Symptoms of rheumatic fever may include:

  • Fever
  • Stomach pain
  • Joint pain (arthritis) - primarily in the knees, elbows, ankles, and wrists
  • Joint swelling
  • Skin nodules
  • Nosebleeds
  • Rash on torso, arms, and legs that looks ring or snake-like
  • Heart problems - could result in shortness of breath or chest pain, but may not have symptoms at all
  • Sydenham chorea - muscle weakness, jerky movements of the face, feet, and hands, difficulty with emotions


Rheumatic fever occurs about 3 weeks after a strep infection. It is rare in the United States but is common in other parts of the developing world. It typically occurs when a strep infection goes untreated.


There is no simple blood test to diagnose rheumatic fever. If a doctor suspects that a person has rheumatic fever, a diagnosis would be based on multiple tests and diagnostic criteria. Typically, a person will be diagnosed if they have had a recent strep infection and meet two of the major criteria or one major and two minor criteria. These include:


  • Pain (arthritis) in several joints
  • Heart inflammation (carditis) - determined by using an echocardiogram
  • Nodules under the skin
  • Quick jerky movements
  • Rash


  • Fever
  • Abnormal bloodwork (high ESR or other lab tests)
  • Joint pain


Rheumatic fever has to be treated with antibiotics. After the initial treatment, many people have to take low doses of antibiotics for many years to prevent the disease from recurring. Anti-inflammatory medications (such as aspirin, ibuprofen, and corticosteroids) may also be used to help manage the symptoms.

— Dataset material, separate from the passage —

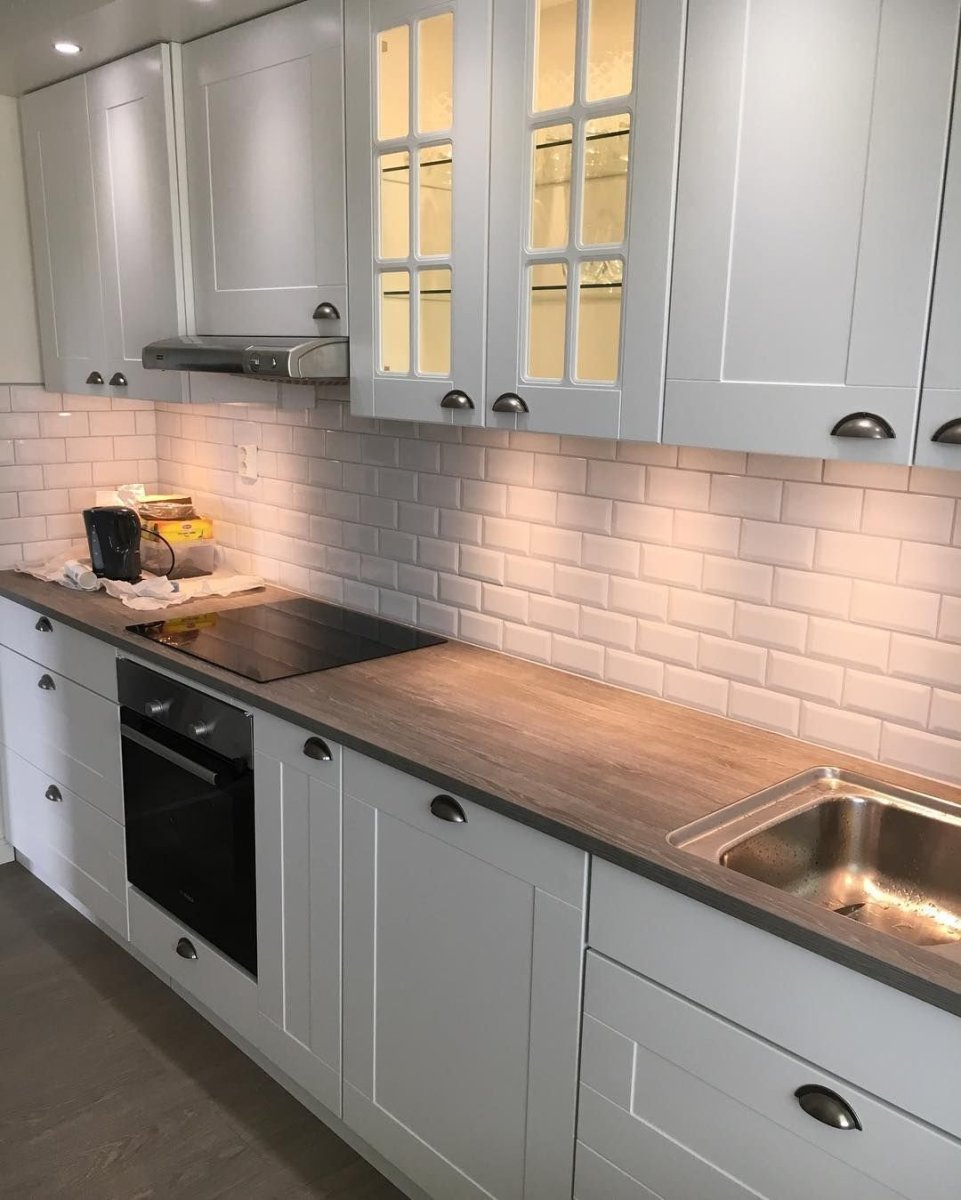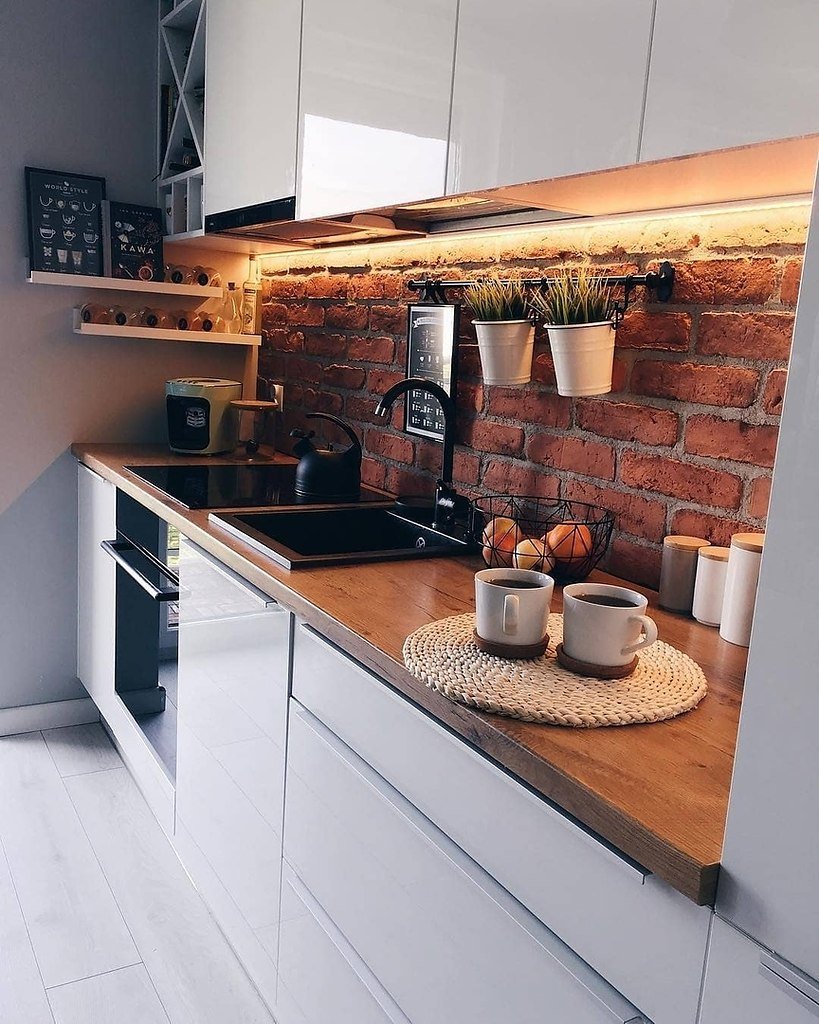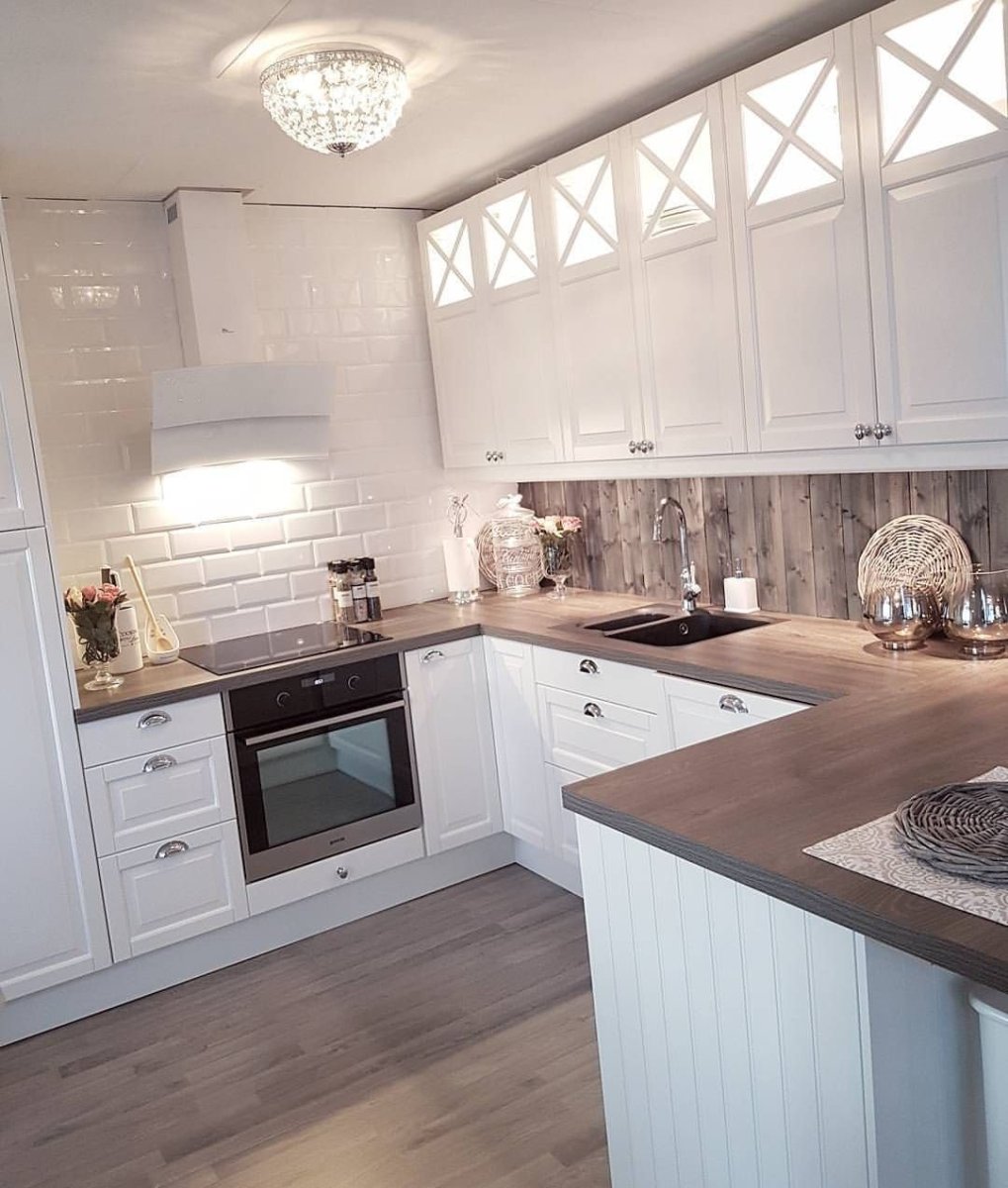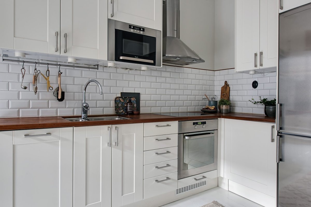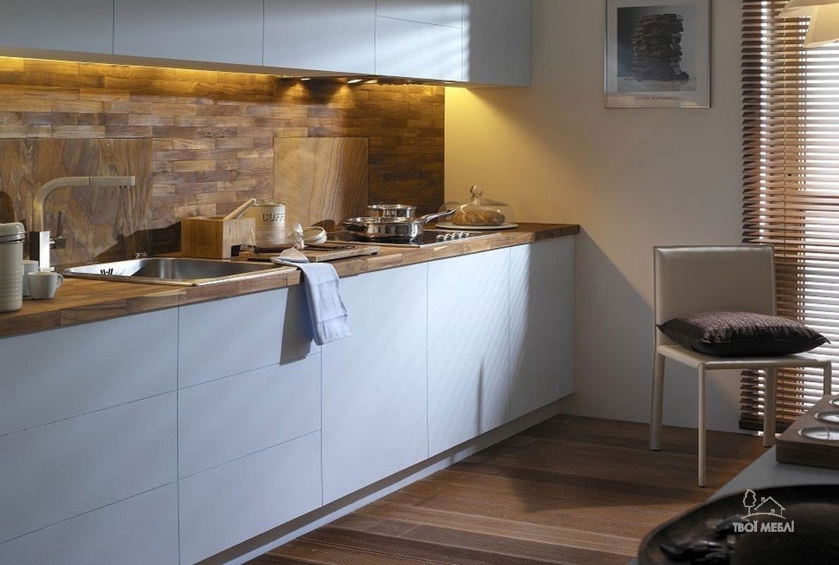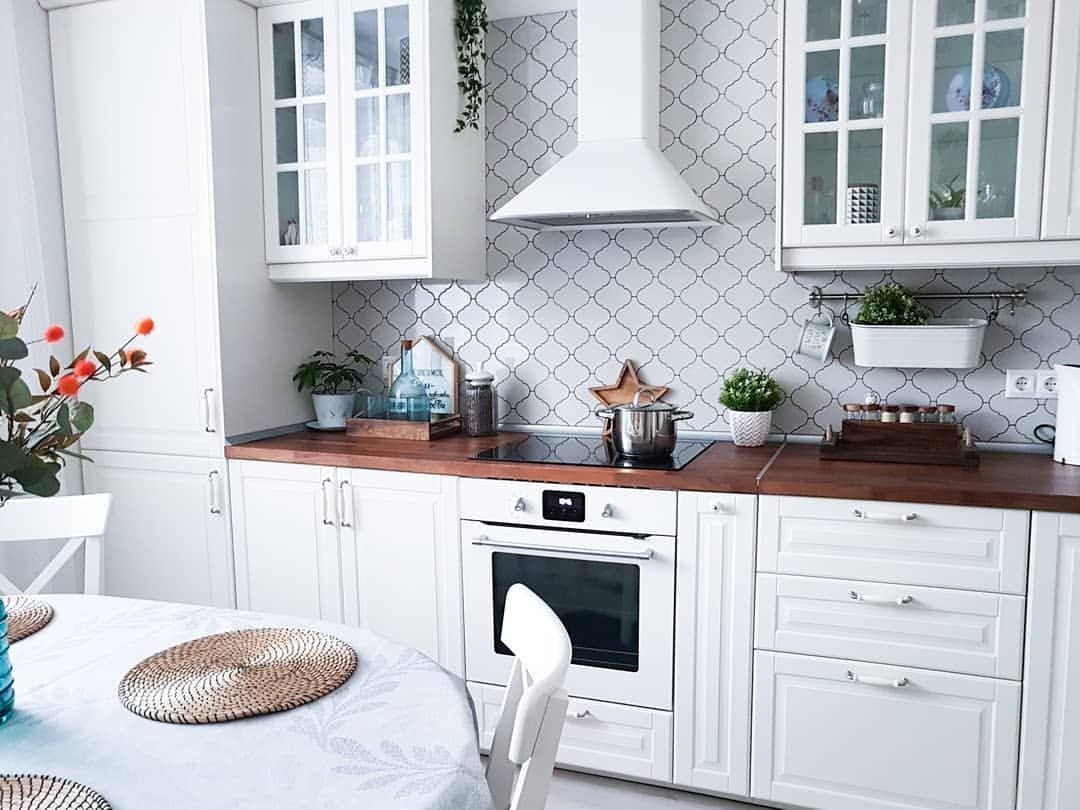 Белая кухня с деревянной столешницей и мраморным фартуком

Serious heart damage can occur from rheumatic fever. This may include abnormal heart rhythms (arrhythmias), damage to the heart valves (mitral stenosis or aortic stenosis), inflammation of the heart tissues (endocarditis or pericarditis) and heart failure.

Sydenham chorea may also be considered a complication of rheumatic fever, although it is also one of the symptoms. It consists of changes in emotions, fast jerky movements of the hands, feet, and face and muscle weakness. All of these are signs of neurological damage, however, the damage is typically not permanent.

Long-Term Effects

The easiest way to prevent rheumatic fever is to treat any strep infection completely. If you or your child are diagnosed with strep throat, scarlet fever or cellulitis, make sure you take all of your antibiotics as directed. Contact your healthcare provider right away if you have signs of or are concerned about rheumatic fever.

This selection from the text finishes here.